Nakahara, in his book "Geometry, Topology and Physics", states the following proof leading up to the Künneth formula. Let $M_1, M_2$ be two smooth manifolds, then the wedge of any pair of non-trivial representatives $\omega_1$ of $H^p(M_1)$ and $\omega_2$ of $H^q(M_2)$, is a non-trivial representative of $H^{p+q}(M_1\times M_2)$. Proving the inclusion $\bigoplus_{p+q=r} H^p(M_1)\otimes H^q(M_2)\subset H^r(M_1\times M_2)$.

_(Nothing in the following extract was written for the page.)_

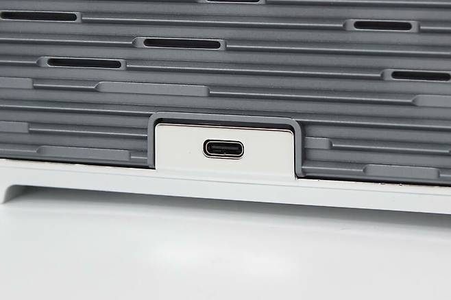 본체 앞면에도 가로로 얇은 홈이 다수 나 있다. 단순히 디자인적 요소인 것으로 보이는 이 홈들은 기능적인 요소도 일부 있으니, 뒤에서 확인해보도록 하자.
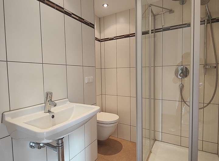 * Dachgeschoss: deckenhoch gefliestes Bad mit Bordüre, Duschwanne, Duschkabine, wandhängendem WC, Waschtisch und Handtuchalter-Heizkörper

It is clear that $[\omega_1\wedge\omega_2]\in H^{p+q}(M_1\times M_2)$, it remains to show non-triviality. Suppose on the contrary that $\omega_1\wedge\omega_2$ were exact, then $$ \omega_1\wedge\omega_2=d(\alpha\wedge\beta+\gamma\wedge\delta)=d\alpha\wedge\beta+(-1)^{p-1}\alpha\wedge d\beta+d\gamma\wedge\delta+(-1)^p\gamma\wedge d\delta\quad(*) $$ for some $\alpha\in\Omega^{p-1}(M_1),\beta\in\Omega^{q}(M_1),\gamma\in\Omega^{p}(M_1),\delta\in\Omega^{q-1}(M_1)$. Nakahara claims that by comparing the two sides of $(*)$ we should find $\alpha=0$, $\delta=0$ which provides the necessary contradiction.

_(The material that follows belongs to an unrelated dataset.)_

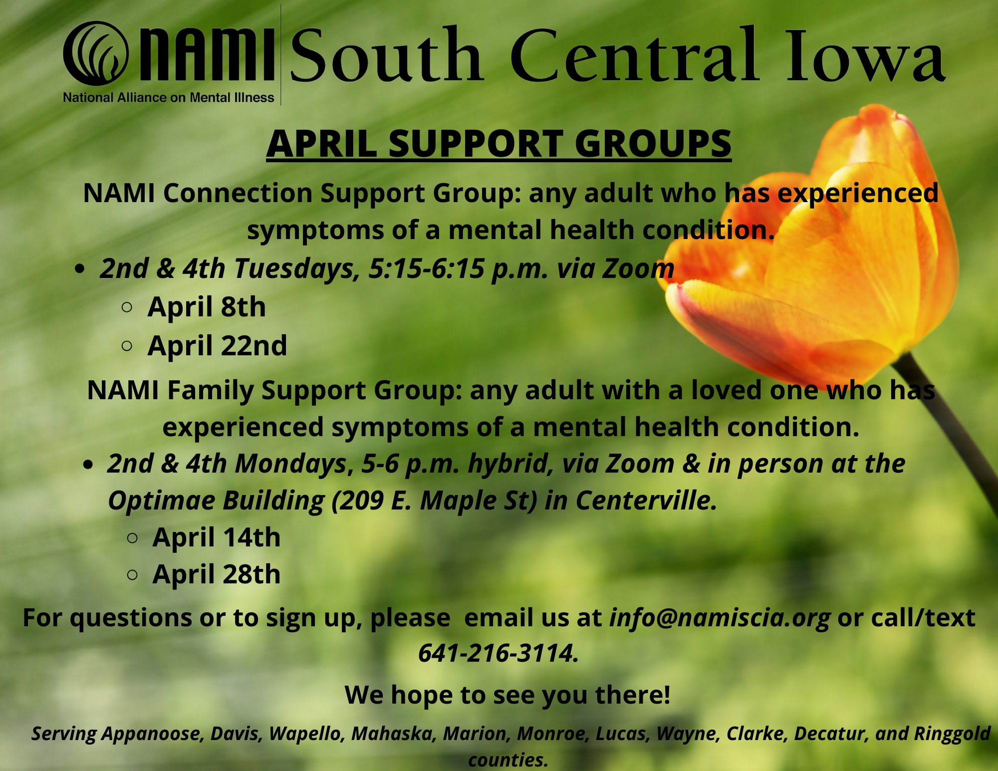 To sign up or for questions, please email us at info@namiscia.org.

This is what I have so far. Since $\Omega^s(M_1)\wedge\Omega^{t}(M_2)$ and $\Omega^{s'}(M_1)\wedge\Omega^{t'}(M_2)$ are linearly dependent only when $s=s'$ and $t=t'$, we can separate $(*)$ into three parts $$ \omega_1\wedge\omega_2=d\alpha\wedge\beta+(-1)^p\gamma\wedge d\delta\quad\text{with}\quad \alpha\wedge d\beta=0,\quad d\gamma\wedge\delta=0 $$ To satisfy the last two equations we distinguish four cases:
- $\alpha=0,\delta=0$;
- $d\beta=0,\delta=0$;
- $\alpha=0,d\gamma=0$;
- $d\beta=0,d\gamma=0$.
For the first three cases the contradiction with the non-exactness of $\omega_1$ and $\omega_2$ is immediate after substitution. In the fourth case however, we retain $\omega_1\wedge\omega_2=d\alpha\wedge\beta+(-1)^p\gamma\wedge d\delta$ with both $\beta\in\ker d$ and $\gamma\in\ker d$ and I am unsure how to proceed from there.

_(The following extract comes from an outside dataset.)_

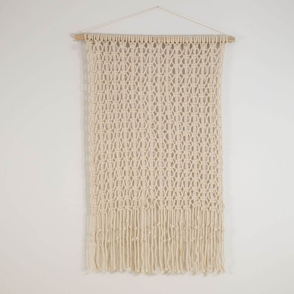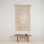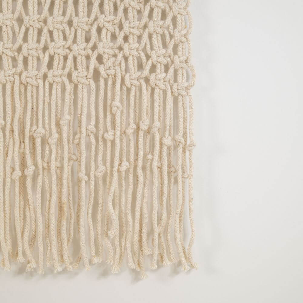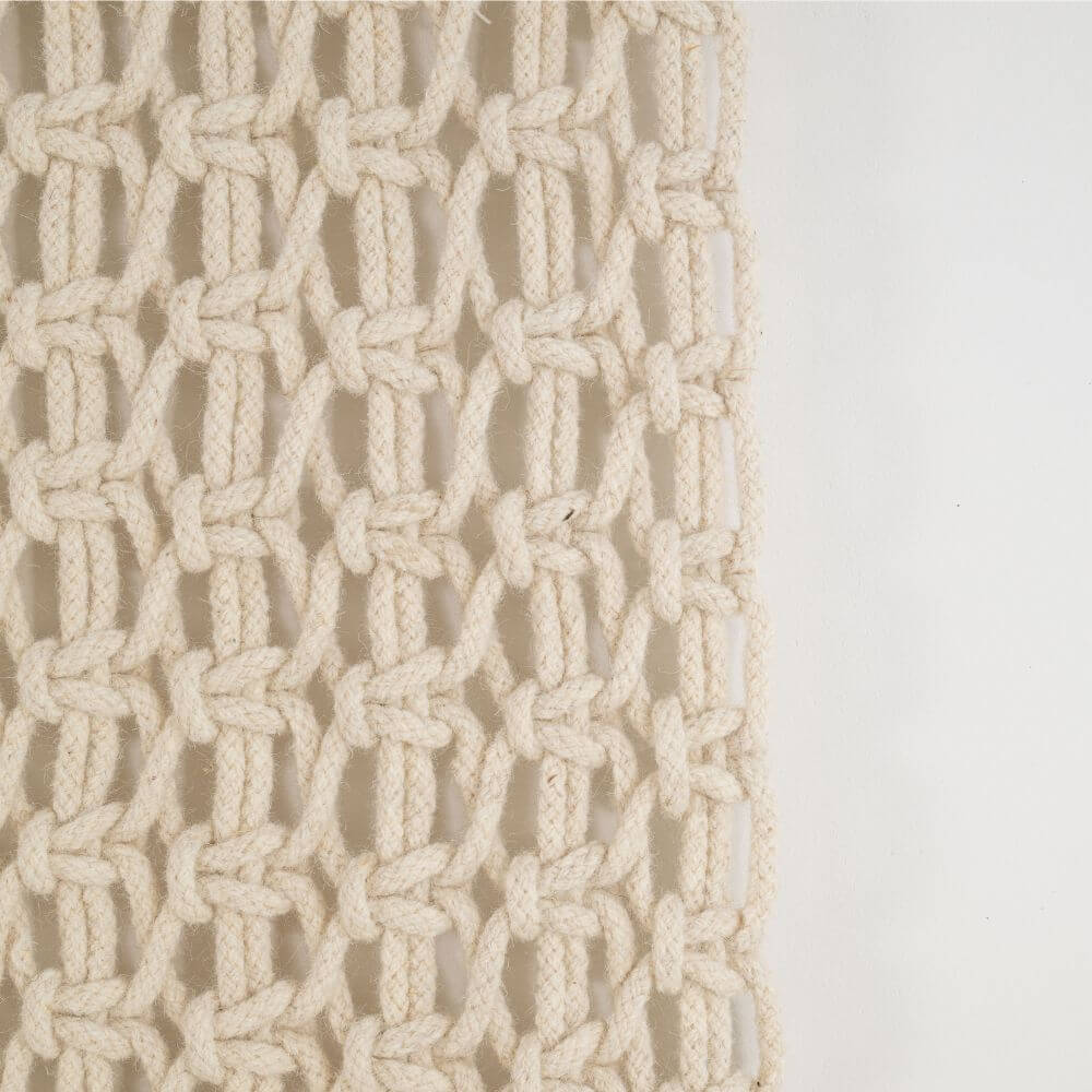 Ten ręcznie robiony ażurowy kilim na ścianę to wyjątkowa dekoracja, która łączy naturalne materiały z subtelnym, ażurowym wzorem. Naturalna, stonowana kolorystyka i wyrazisty splot to świetny duet do ozdoby pustej ściany, a duży wymiar kilimu gwarantuje spektakularny efekt. To dekoracja, która harmonijnie wpisuje się zarówno w jasne, minimalistyczne wnętrza, jak i aranżacje w stylu boho czy skandynawskim.

Note that you have a few typos: $\beta\in\Omega^q(M_2)$ and $\delta\in\Omega^{q-1}(M_2)$.
So let's think about integrating $\omega_1\wedge\omega_2$ over a typical generating $(p+q)$-cycle $\sigma\times\tau$ in $M_1\times M_2$. We'll have $$\int_{\sigma\times\tau}\omega_1\wedge\omega_2 = \left(\int_\sigma\omega_1\right)\left(\int_\tau \omega_2\right).$$ On the other hand, $$\int_{\sigma\times\tau} d\alpha\wedge\beta = \left(\int_\sigma d\alpha\right)\left(\int_\tau \beta\right) = 0,$$ since the first integral on the right-hand side is $0$ by Stokes's Theorem. Similarly, $\displaystyle\int_{\sigma\times\tau} \gamma\wedge d\delta = 0$. It follows that either $\displaystyle\int_\sigma\omega_1=0$ or $\displaystyle\int_\tau\omega_2=0$. Since $\sigma$ and $\tau$ are arbitrary cycles, we conclude that either $\omega_1$ or $\omega_2$ must represent a trivial cohomology class. (If not, we could choose $\sigma$ and $\tau$ with both integrals nonzero.)